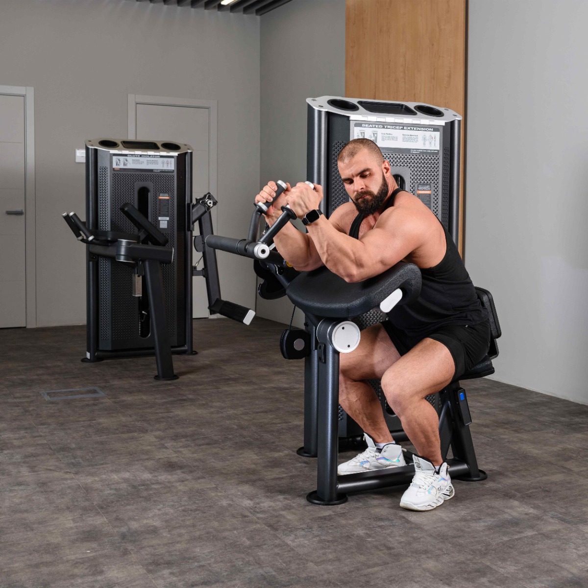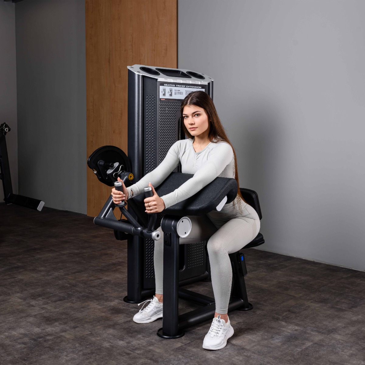 Профессиональный тренажер для коммерческого использования U2028 Трицепс-машина сидя. Наклонная парта предназначен для изолирующего упражнения на трицепс в исходном положении тела с наклоном вперед.
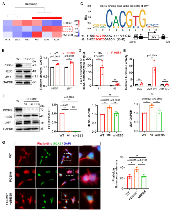 (A)轉(zhuǎn)錄組數(shù)據(jù)庫中FOXA3、HES5和ZNF460表達水平的熱圖。(B)WT和PCSK9-/- NO中PCSK9、HES5 和JMY蛋白水平的WB結(jié)果。(C)HES5-JMY結(jié)合位點的預(yù)測。(D)JMY啟動子兩個位點HES5富集的ChIP-qPCR分析結(jié)果。(E)熒光素酶報告基因?qū)嶒烌炞CHES5表現(xiàn)出針對JMY的轉(zhuǎn)錄活性;(F)siHES5拯救實驗后NPC中PCSK9、HES5和JMY蛋白水平的WB結(jié)果。(G)WT和PCSK9-/- NPC中細胞微絲的免疫熒光染色結(jié)果。[1]
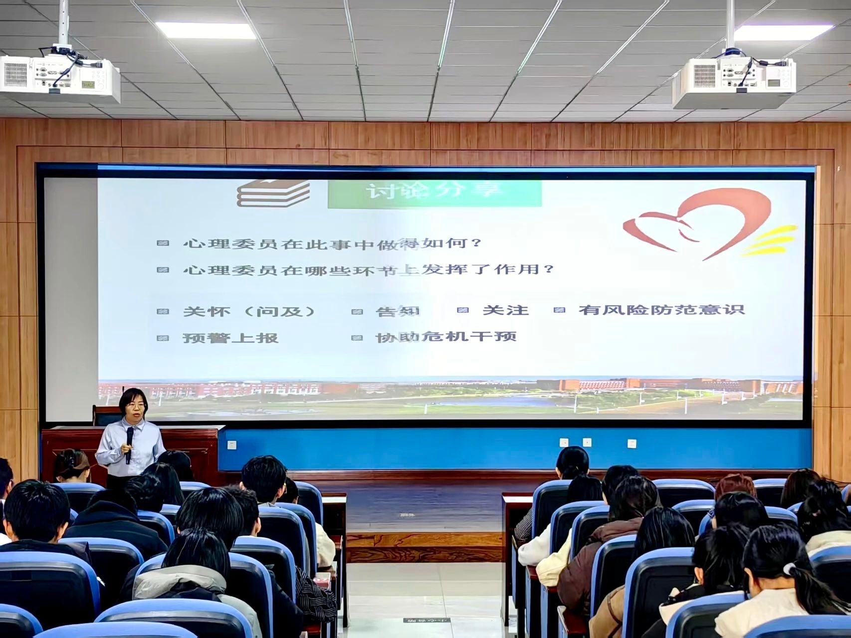 在高校校园中,心理委员与宿舍长在学生心理健康工作中扮演着关键角色,本次培训会提高了他们判断同学心理状况、关心身边同学的能力,加强了他们对工作重要性的认知,有助于营造积极健康、和谐友爱的校园氛围。未来,我院也将继续开展各类心理健康教育活动,助力全体学生的心理健康发展。
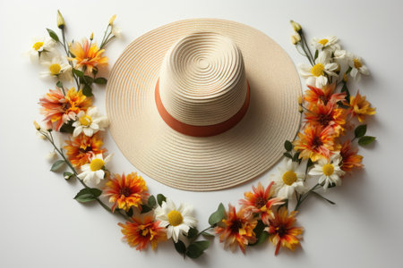 Straw hat with floral decoration hanging on white wooden wall. That the image is generated using AI.
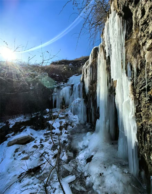 保定涞水北太行深处的原生态冰瀑群奇观、还有石林的震撼风景是徒步冬日的网红之地。
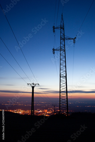 © BHPX, Fototapeta premium High voltage tower at sunset
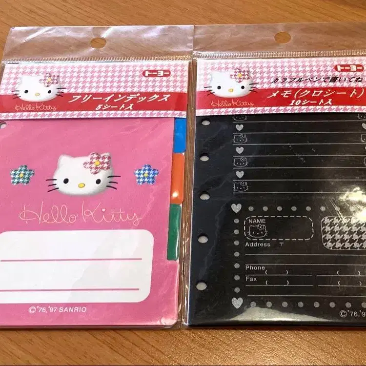 자택 보관품 미사용, 미개봉 프리 인덱스 5매 메모 블랙 시트 10매 1997년 귀중한 카오하나 키티의 6구 시트입니다!
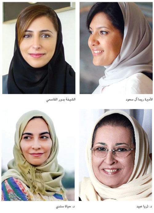 وهن «فاطمة الفهرية، الأميرة فاطمة إسماعيل، الأميرة عفت آل ثنيان الفيصل».
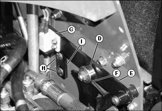 · If neutral switch sensitivity needs to be increased, adjust switch contact bracket (I) down in slots.

________________________

• TASK DETAILS: Leave out the pictures and repeat exactly the lines from the first line of the data through the line containing "الفهرية، الأميرة فاطمة". Add nothing else.

• WRITTEN SOLUTION:
 Профессиональный тренажер для коммерческого использования U2028 Трицепс-машина сидя. Наклонная парта предназначен для изолирующего упражнения на трицепс в исходном положении тела с наклоном вперед.
 (A)轉(zhuǎn)錄組數(shù)據(jù)庫中FOXA3、HES5和ZNF460表達水平的熱圖。(B)WT和PCSK9-/- NO中PCSK9、HES5 和JMY蛋白水平的WB結(jié)果。(C)HES5-JMY結(jié)合位點的預(yù)測。(D)JMY啟動子兩個位點HES5富集的ChIP-qPCR分析結(jié)果。(E)熒光素酶報告基因?qū)嶒烌炞CHES5表現(xiàn)出針對JMY的轉(zhuǎn)錄活性;(F)siHES5拯救實驗后NPC中PCSK9、HES5和JMY蛋白水平的WB結(jié)果。(G)WT和PCSK9-/- NPC中細胞微絲的免疫熒光染色結(jié)果。[1]
 在高校校园中,心理委员与宿舍长在学生心理健康工作中扮演着关键角色,本次培训会提高了他们判断同学心理状况、关心身边同学的能力,加强了他们对工作重要性的认知,有助于营造积极健康、和谐友爱的校园氛围。未来,我院也将继续开展各类心理健康教育活动,助力全体学生的心理健康发展。
 Straw hat with floral decoration hanging on white wooden wall. That the image is generated using AI.
 保定涞水北太行深处的原生态冰瀑群奇观、还有石林的震撼风景是徒步冬日的网红之地。
 © BHPX, Fototapeta premium High voltage tower at sunset
 자택 보관품 미사용, 미개봉 프리 인덱스 5매 메모 블랙 시트 10매 1997년 귀중한 카오하나 키티의 6구 시트입니다!
 وهن «فاطمة الفهرية، الأميرة فاطمة إسماعيل، الأميرة عفت آل ثنيان الفيصل».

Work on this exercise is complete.